Tokenization
Tokenization is the process of breaking a text into words, phrases, symbols, or other meaningful elements. The resulting tokens are then used as input for further processing such as parsing or text analysis.
Tokenization isn't strictly related to machine learning, but it's a common preprocessing step in NLP and LLM tasks.
In machine learning, tokenization is often used to convert text data into a format that can be more easily processed by algorithms and form connections between those tokens.

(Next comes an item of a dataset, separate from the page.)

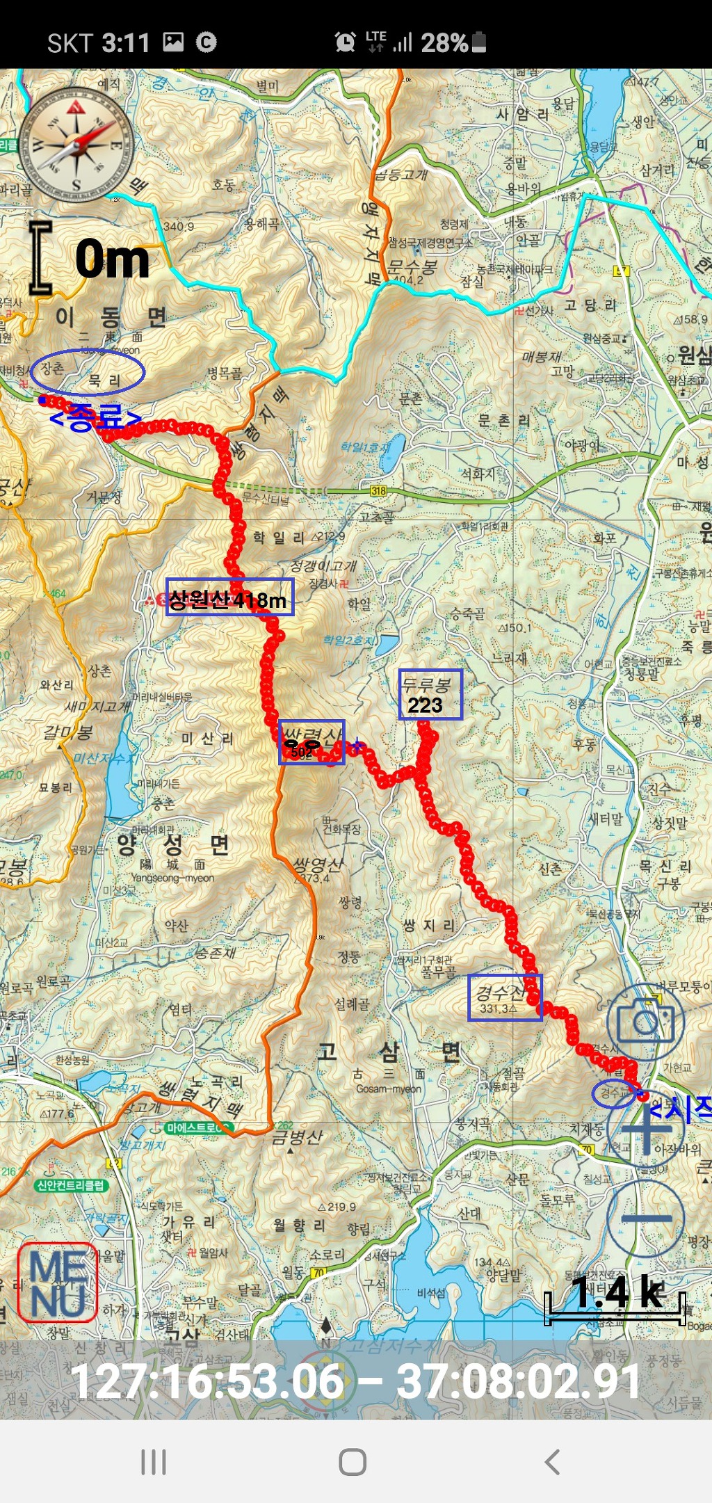 13.5km 320분 [장촌마을 버스정류소](14;25)

You can see tokenization in action e.g. on ChatGPT's website.
With ChatGPT, one token generally corresponds to ~4 characters of text for common English text.
Quick brown fox jumps over the lazy dog.
[Quick ][ brown][ fox][ jumps][ over ][ the][ lazy][ dog][.]
[28903, 19705, 68347, 65613, 1072, 290, 29082, 6446, 13]
Most tokenizers use subword tokenization, which allows them to represent larger vocabulary with a smaller number of tokens.
The word "unbelievable" could be tokenized into "un", "bel" and "ievable".
You usually optimize your input/output formats so it takes as few tokens as possible to represent the data, while still preserving the necessary information.
For example, YAML is arguably more human-readable than JSON and might tokenize better in certain scenarios, but JSON is more compact overall. JSON can also be minified to remove whitespace and performs better with nested structures.